Activity ::
Copy exactly the stretch of data below from the line with "实木餐椅牛角椅侘寂风胡桃色靠背椅家用吃饭椅子商用餐厅餐桌凳子" through the line with "ETK moi je ne", including both of those lines.

Task data ::

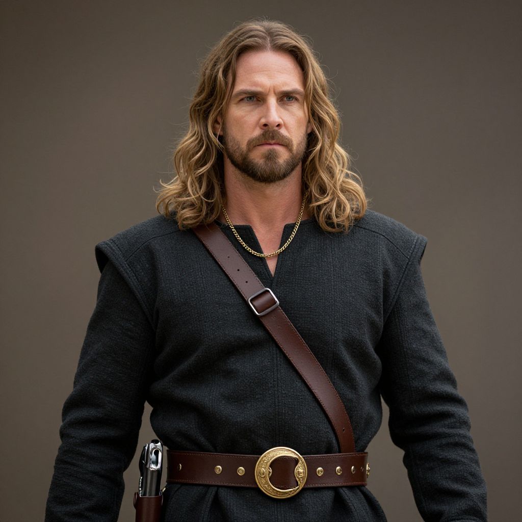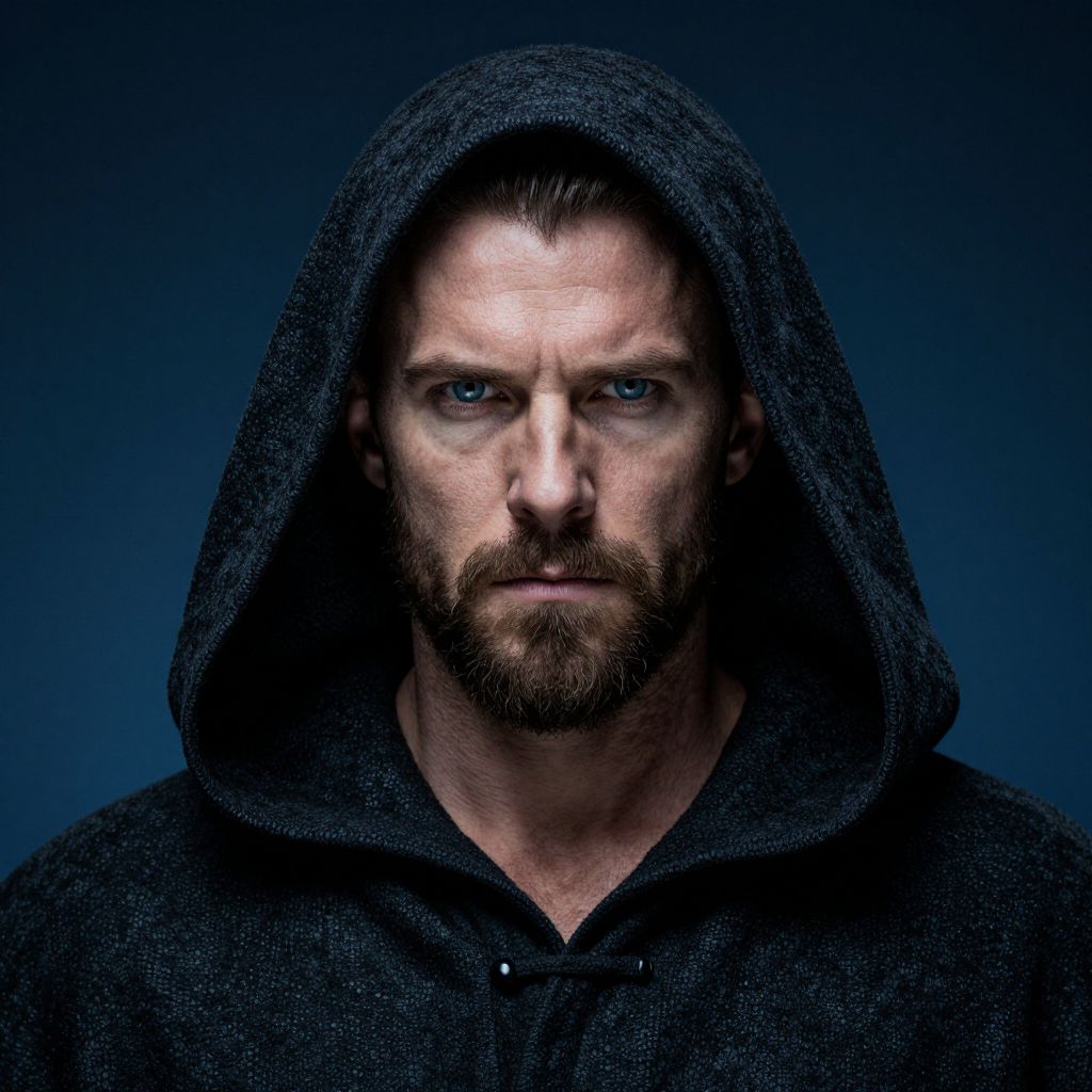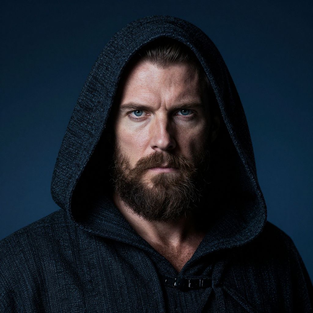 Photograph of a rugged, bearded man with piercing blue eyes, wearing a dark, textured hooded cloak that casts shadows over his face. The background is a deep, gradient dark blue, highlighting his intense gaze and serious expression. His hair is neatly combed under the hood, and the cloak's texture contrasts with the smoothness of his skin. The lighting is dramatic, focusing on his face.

---

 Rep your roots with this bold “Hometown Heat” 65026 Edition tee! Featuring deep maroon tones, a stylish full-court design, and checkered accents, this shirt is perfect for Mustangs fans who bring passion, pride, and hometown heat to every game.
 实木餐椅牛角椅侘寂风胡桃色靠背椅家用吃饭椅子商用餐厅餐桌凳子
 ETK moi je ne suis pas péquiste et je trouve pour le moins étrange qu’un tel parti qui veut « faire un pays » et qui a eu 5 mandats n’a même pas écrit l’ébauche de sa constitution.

--

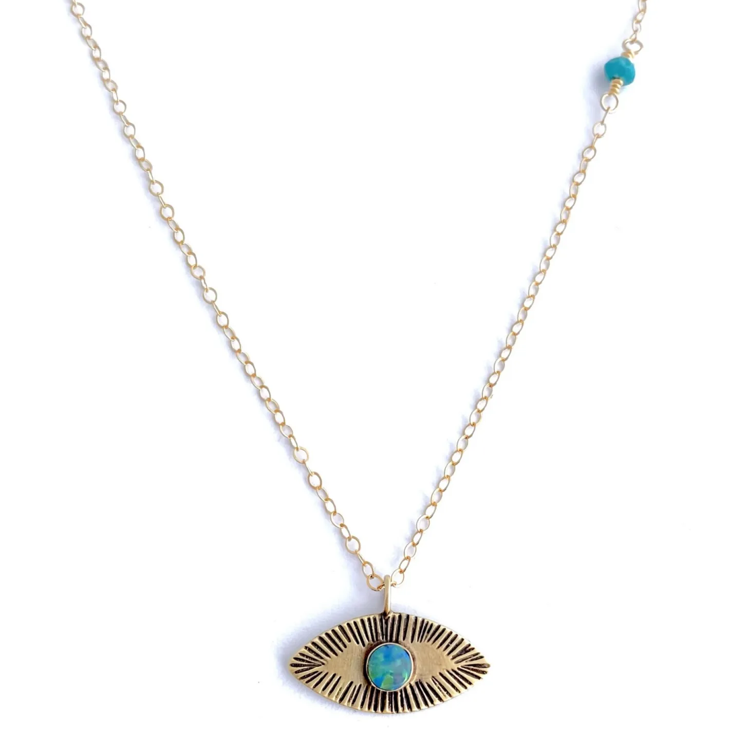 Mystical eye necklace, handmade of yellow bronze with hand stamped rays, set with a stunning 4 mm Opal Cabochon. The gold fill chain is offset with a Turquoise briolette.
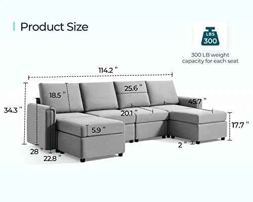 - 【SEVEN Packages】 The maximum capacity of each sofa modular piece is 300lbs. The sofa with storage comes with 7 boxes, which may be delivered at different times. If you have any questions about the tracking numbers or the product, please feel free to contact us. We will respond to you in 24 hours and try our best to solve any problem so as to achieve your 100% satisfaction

Result of the task ::
 实木餐椅牛角椅侘寂风胡桃色靠背椅家用吃饭椅子商用餐厅餐桌凳子
 ETK moi je ne suis pas péquiste et je trouve pour le moins étrange qu’un tel parti qui veut « faire un pays » et qui a eu 5 mandats n’a même pas écrit l’ébauche de sa constitution.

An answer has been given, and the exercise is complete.